MATERIAL TO PROCESS:
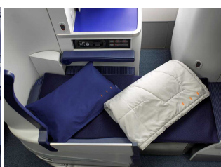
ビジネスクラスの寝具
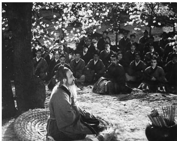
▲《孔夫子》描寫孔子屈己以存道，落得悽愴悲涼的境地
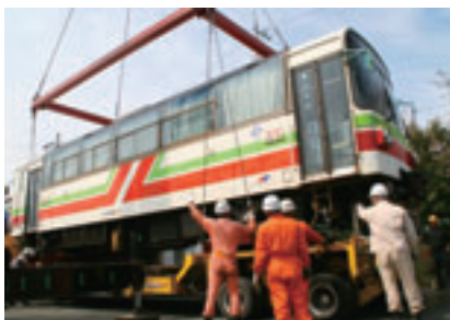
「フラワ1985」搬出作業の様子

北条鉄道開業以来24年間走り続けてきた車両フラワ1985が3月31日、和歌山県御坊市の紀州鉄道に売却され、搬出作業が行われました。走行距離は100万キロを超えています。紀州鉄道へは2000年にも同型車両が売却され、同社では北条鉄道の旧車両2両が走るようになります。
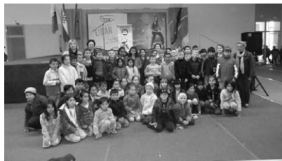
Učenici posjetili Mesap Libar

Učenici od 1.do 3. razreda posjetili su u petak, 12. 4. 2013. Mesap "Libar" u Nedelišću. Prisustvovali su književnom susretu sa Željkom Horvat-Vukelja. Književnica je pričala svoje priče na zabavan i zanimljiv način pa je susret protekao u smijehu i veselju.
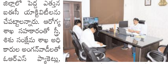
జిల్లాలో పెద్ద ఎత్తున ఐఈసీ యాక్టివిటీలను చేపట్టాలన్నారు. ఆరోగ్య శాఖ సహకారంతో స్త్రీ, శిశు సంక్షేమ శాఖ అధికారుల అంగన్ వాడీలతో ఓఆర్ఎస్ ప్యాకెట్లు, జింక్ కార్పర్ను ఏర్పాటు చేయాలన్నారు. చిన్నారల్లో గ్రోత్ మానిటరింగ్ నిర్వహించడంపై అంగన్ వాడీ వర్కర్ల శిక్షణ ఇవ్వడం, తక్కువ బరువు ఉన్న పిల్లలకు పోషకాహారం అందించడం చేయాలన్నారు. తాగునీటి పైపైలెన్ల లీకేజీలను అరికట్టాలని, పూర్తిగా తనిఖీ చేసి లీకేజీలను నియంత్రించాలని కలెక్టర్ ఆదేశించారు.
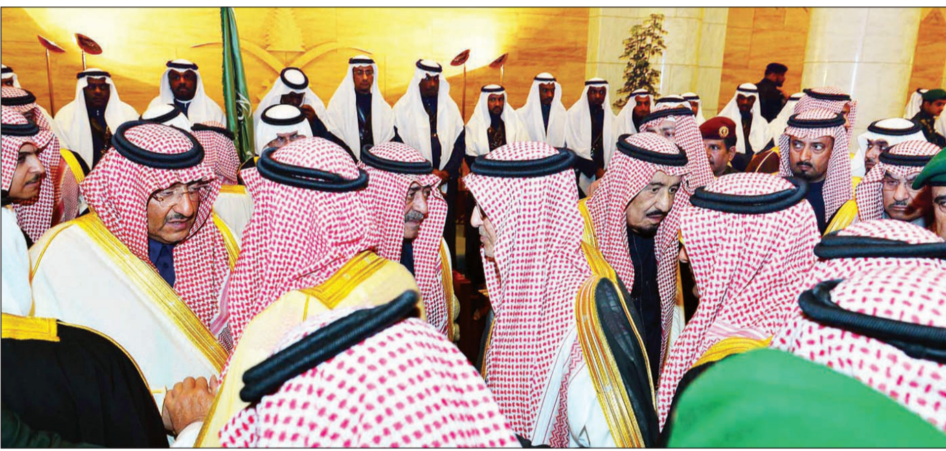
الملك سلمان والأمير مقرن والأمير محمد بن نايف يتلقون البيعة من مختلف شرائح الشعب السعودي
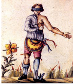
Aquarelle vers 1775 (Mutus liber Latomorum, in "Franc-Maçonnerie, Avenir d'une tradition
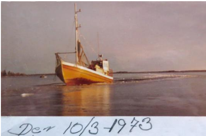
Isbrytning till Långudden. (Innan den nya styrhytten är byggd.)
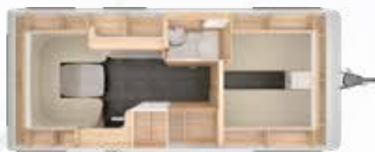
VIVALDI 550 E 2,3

==

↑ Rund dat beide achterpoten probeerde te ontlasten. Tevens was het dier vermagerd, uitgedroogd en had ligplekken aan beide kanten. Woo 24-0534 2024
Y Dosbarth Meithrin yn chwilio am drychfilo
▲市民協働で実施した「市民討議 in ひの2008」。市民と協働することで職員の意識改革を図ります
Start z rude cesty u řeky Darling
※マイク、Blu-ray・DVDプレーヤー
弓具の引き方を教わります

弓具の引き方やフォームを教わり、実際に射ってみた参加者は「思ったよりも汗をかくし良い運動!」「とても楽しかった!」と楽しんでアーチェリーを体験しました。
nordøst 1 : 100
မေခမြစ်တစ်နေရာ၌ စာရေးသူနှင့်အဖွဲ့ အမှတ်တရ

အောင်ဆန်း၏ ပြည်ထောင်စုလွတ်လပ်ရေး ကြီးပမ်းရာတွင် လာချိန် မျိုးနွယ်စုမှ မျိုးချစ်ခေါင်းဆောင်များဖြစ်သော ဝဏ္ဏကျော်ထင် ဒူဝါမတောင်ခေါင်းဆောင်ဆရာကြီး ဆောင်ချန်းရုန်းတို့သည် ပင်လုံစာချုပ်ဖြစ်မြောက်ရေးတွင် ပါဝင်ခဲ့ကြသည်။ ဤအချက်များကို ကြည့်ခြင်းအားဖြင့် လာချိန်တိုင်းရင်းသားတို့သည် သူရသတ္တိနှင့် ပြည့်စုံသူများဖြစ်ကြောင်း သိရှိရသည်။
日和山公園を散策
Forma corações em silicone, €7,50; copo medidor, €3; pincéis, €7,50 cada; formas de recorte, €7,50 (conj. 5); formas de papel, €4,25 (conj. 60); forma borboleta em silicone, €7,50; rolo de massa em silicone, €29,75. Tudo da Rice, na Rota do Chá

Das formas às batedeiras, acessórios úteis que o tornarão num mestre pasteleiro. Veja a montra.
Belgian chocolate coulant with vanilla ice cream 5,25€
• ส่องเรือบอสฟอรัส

THE PROBLEM: Each line between the one holding "Učenici posjetili Mesap Libar" and the one holding "VIVALDI 550 E 2,3", inclusive, should be copied exactly as it appears above, and pictures should be omitted.

ANSWER TO THIS PROBLEM:
Učenici posjetili Mesap Libar

Učenici od 1.do 3. razreda posjetili su u petak, 12. 4. 2013. Mesap "Libar" u Nedelišću. Prisustvovali su književnom susretu sa Željkom Horvat-Vukelja. Književnica je pričala svoje priče na zabavan i zanimljiv način pa je susret protekao u smijehu i veselju.
జిల్లాలో పెద్ద ఎత్తున ఐఈసీ యాక్టివిటీలను చేపట్టాలన్నారు. ఆరోగ్య శాఖ సహకారంతో స్త్రీ, శిశు సంక్షేమ శాఖ అధికారుల అంగన్ వాడీలతో ఓఆర్ఎస్ ప్యాకెట్లు, జింక్ కార్పర్ను ఏర్పాటు చేయాలన్నారు. చిన్నారల్లో గ్రోత్ మానిటరింగ్ నిర్వహించడంపై అంగన్ వాడీ వర్కర్ల శిక్షణ ఇవ్వడం, తక్కువ బరువు ఉన్న పిల్లలకు పోషకాహారం అందించడం చేయాలన్నారు. తాగునీటి పైపైలెన్ల లీకేజీలను అరికట్టాలని, పూర్తిగా తనిఖీ చేసి లీకేజీలను నియంత్రించాలని కలెక్టర్ ఆదేశించారు.
الملك سلمان والأمير مقرن والأمير محمد بن نايف يتلقون البيعة من مختلف شرائح الشعب السعودي
Aquarelle vers 1775 (Mutus liber Latomorum, in "Franc-Maçonnerie, Avenir d'une tradition
Isbrytning till Långudden. (Innan den nya styrhytten är byggd.)
VIVALDI 550 E 2,3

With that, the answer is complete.